> **WHAT IS EXPECTED**: Your output should be exactly the lines from the one containing "[에이치플러스몰]여성 여름 데일리 A라인 캐주얼 클래식 린넨 허리밴딩" through the final line of the following data, please, with no pictures.

----- DATASET EXTRACT -----

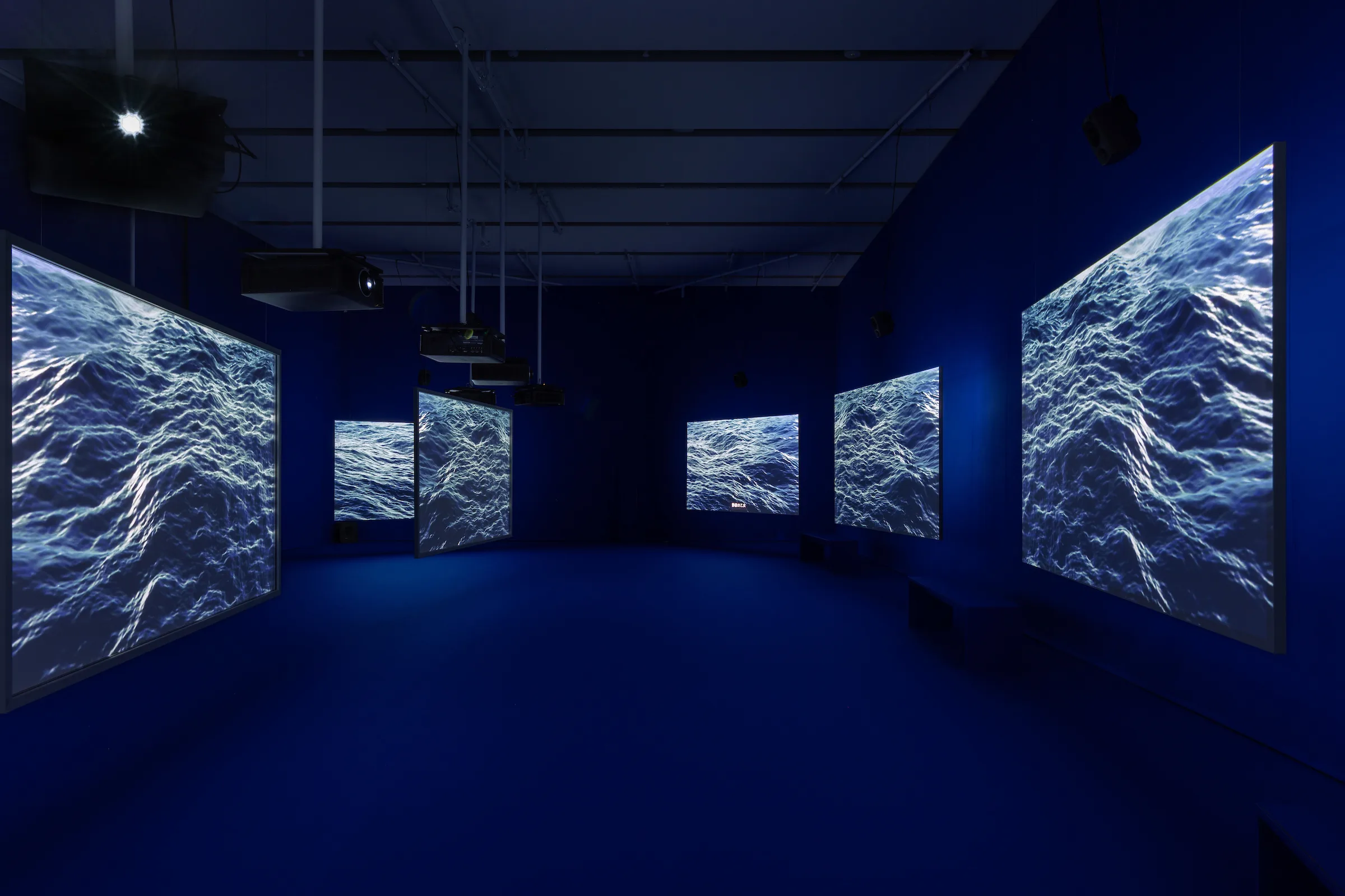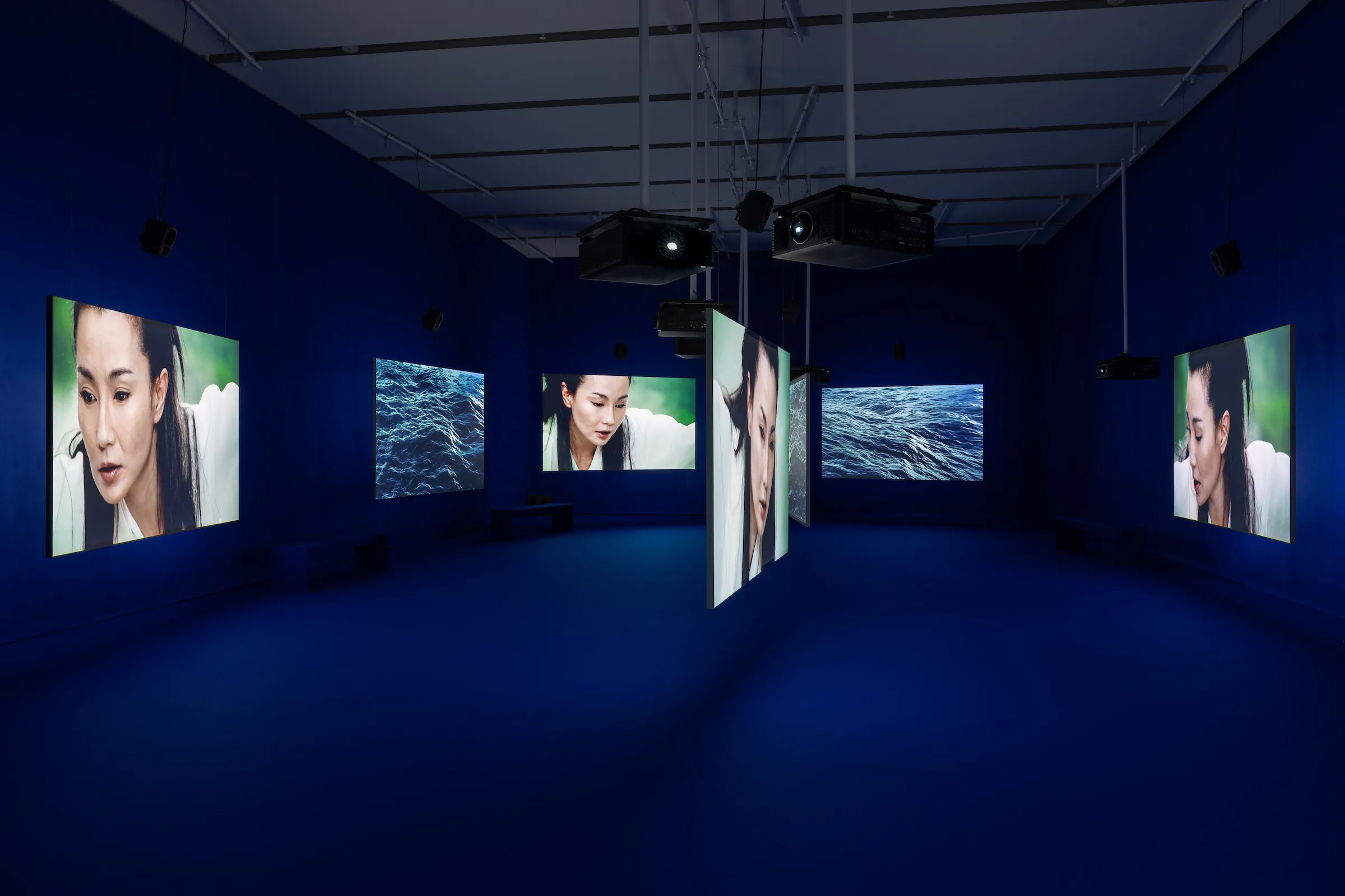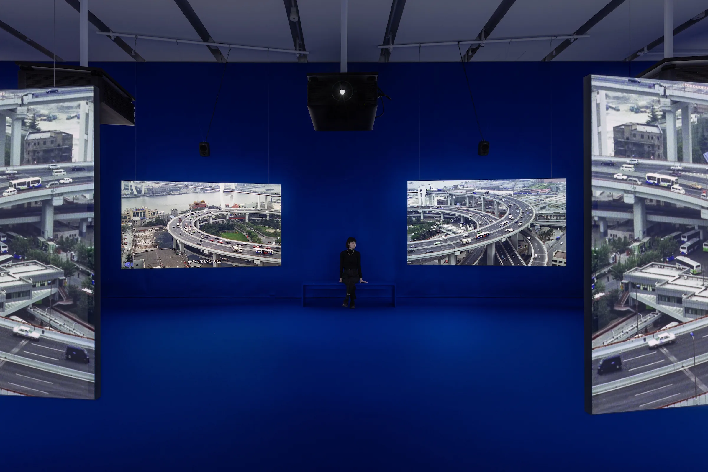 TEN THOUSAND WAVES 2010(アイザック・ジュリアン「Ten Thousand Waves」[エスパス ルイ・ヴィトン大阪]展示風景) 9スクリーンインスタレーション、デジタル変換された35mmフィルム、カラー、9.2サウンド Courtesy of the artist and Fondation Louis Vuitton, Paris © Jérémie Souteyrat / Louis Vuitton
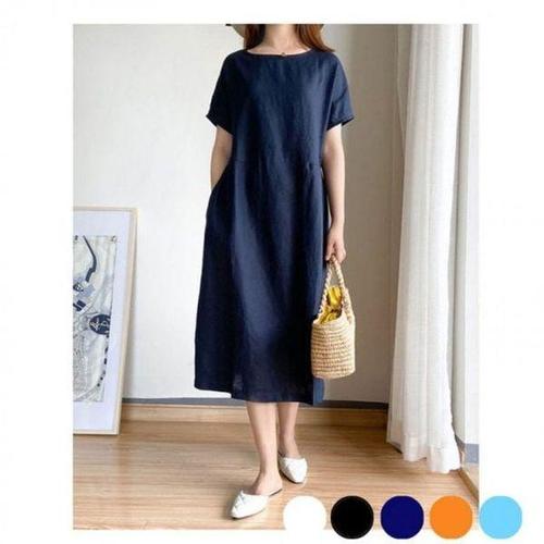 [에이치플러스몰]여성 여름 데일리 A라인 캐주얼 클래식 린넨 허리밴딩
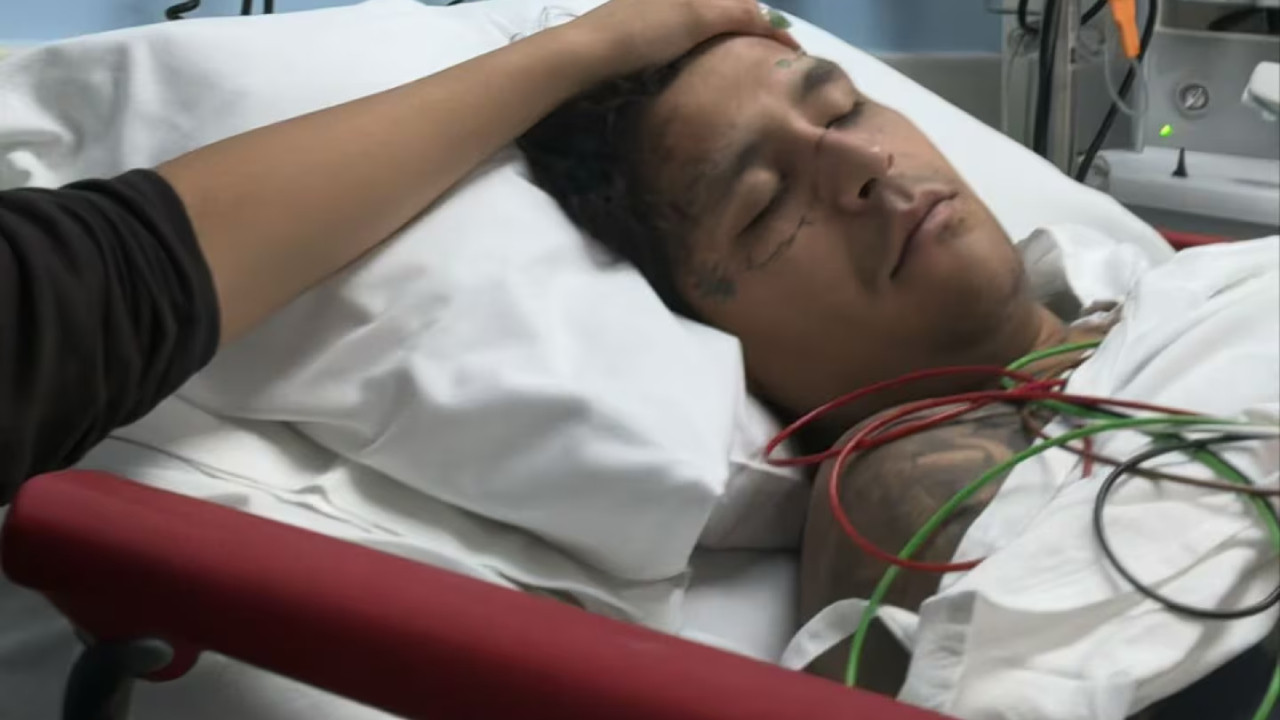 "El forajido" se observa presuntamente en compañía de su esposa, Ángela Aguilar además de estar cubierto por una serie de cables de algún aparato médico.

-----

> **WRITTEN ANSWER**:
 [에이치플러스몰]여성 여름 데일리 A라인 캐주얼 클래식 린넨 허리밴딩
 "El forajido" se observa presuntamente en compañía de su esposa, Ángela Aguilar además de estar cubierto por una serie de cables de algún aparato médico.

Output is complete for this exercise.